- _Goal of the exercise_
Starting at the line that contains "View North-East from", repeat each line of the listing below through the last one, exactly, and leave out every picture.

++++++++

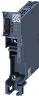
communication module Modbus TCP
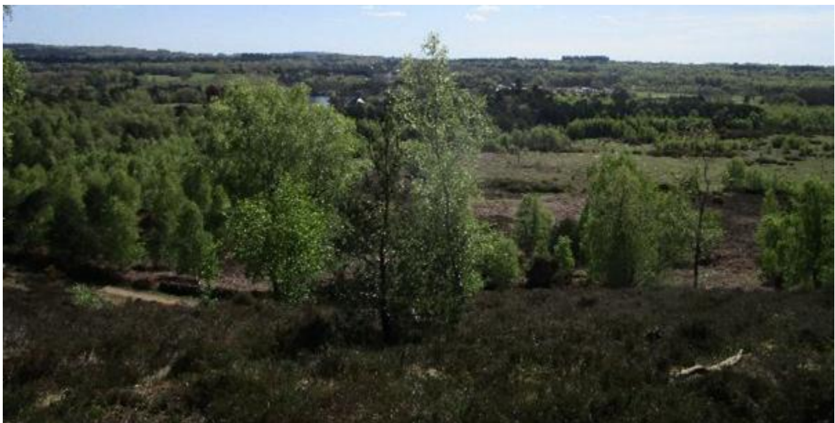
View North-East from near the triangulation pillar
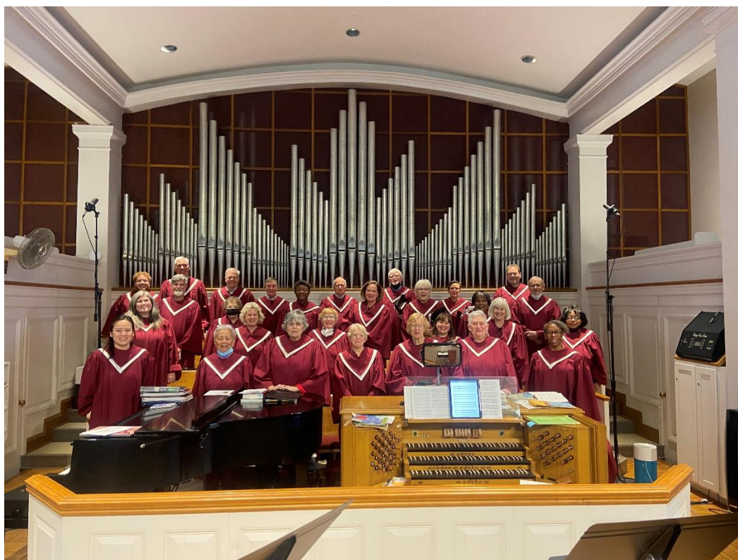
Chancel Choir in service.

Are you looking for a group to make music with? Come join us! Please contact Ying at music@fhcpresb.org if you are interested. Participants are encouraged to be up to date with their vaccinations.
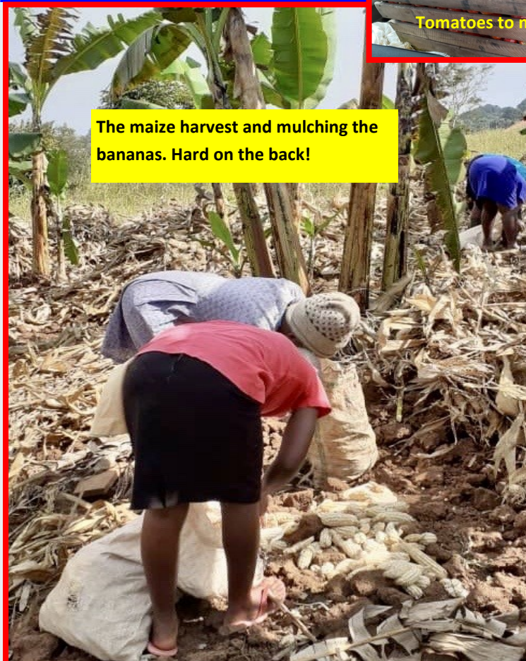
The maize harvest and mulching the bananas. Hard on the back!
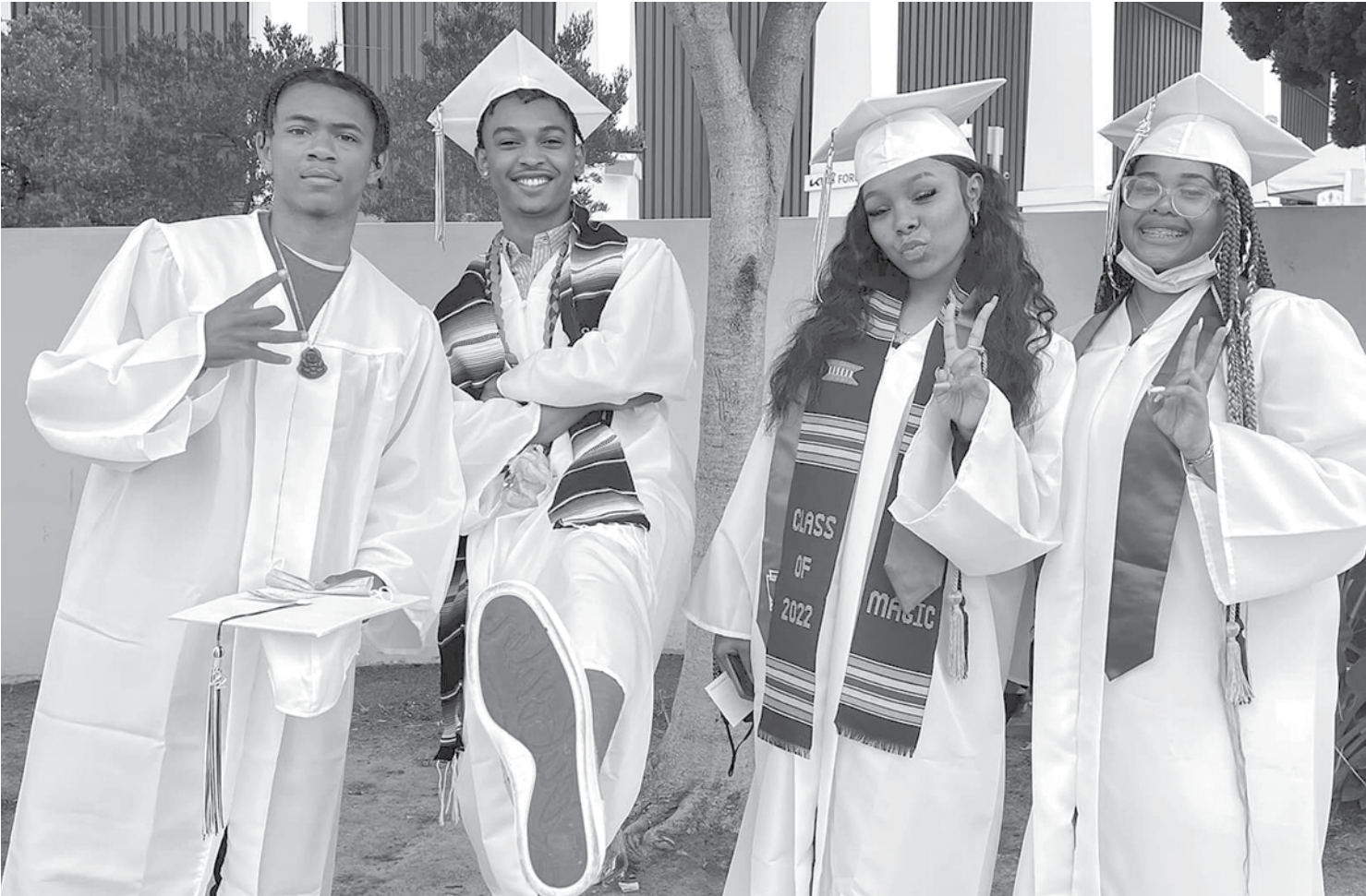
Hats off to the scholars from City Honors International Preparatory School who were honored at their graduation ceremony. A round of applause to all the other South Bay students who will graduate this year. We wish you the best of luck in your future endeavors.
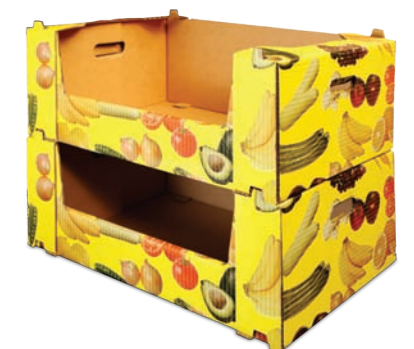
Hand Erected Printed Flexographic Shelf Ready Trays
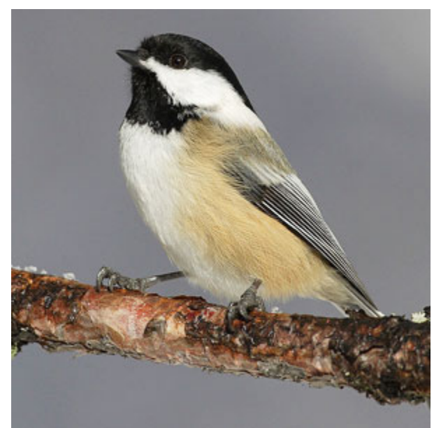
Figure 5: A Black-capped Chickadee, Poecile atricapillus

As greenhouse gases alter plant chemistry, these birds may become more selective in choosing which caterpillars to feed upon.
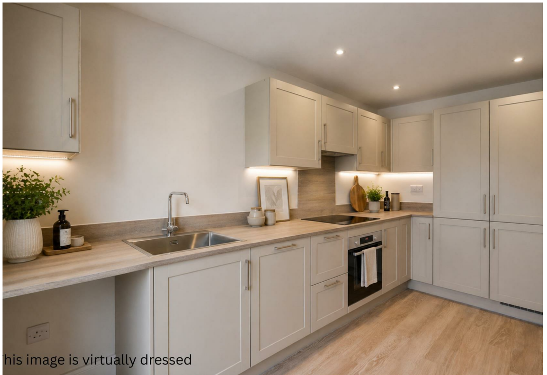
this image is virtually dressed

++++++++

- _Solution for this problem_
View North-East from near the triangulation pillar
Chancel Choir in service.

Are you looking for a group to make music with? Come join us! Please contact Ying at music@fhcpresb.org if you are interested. Participants are encouraged to be up to date with their vaccinations.
The maize harvest and mulching the bananas. Hard on the back!
Hats off to the scholars from City Honors International Preparatory School who were honored at their graduation ceremony. A round of applause to all the other South Bay students who will graduate this year. We wish you the best of luck in your future endeavors.
Hand Erected Printed Flexographic Shelf Ready Trays
Figure 5: A Black-capped Chickadee, Poecile atricapillus

As greenhouse gases alter plant chemistry, these birds may become more selective in choosing which caterpillars to feed upon.
this image is virtually dressed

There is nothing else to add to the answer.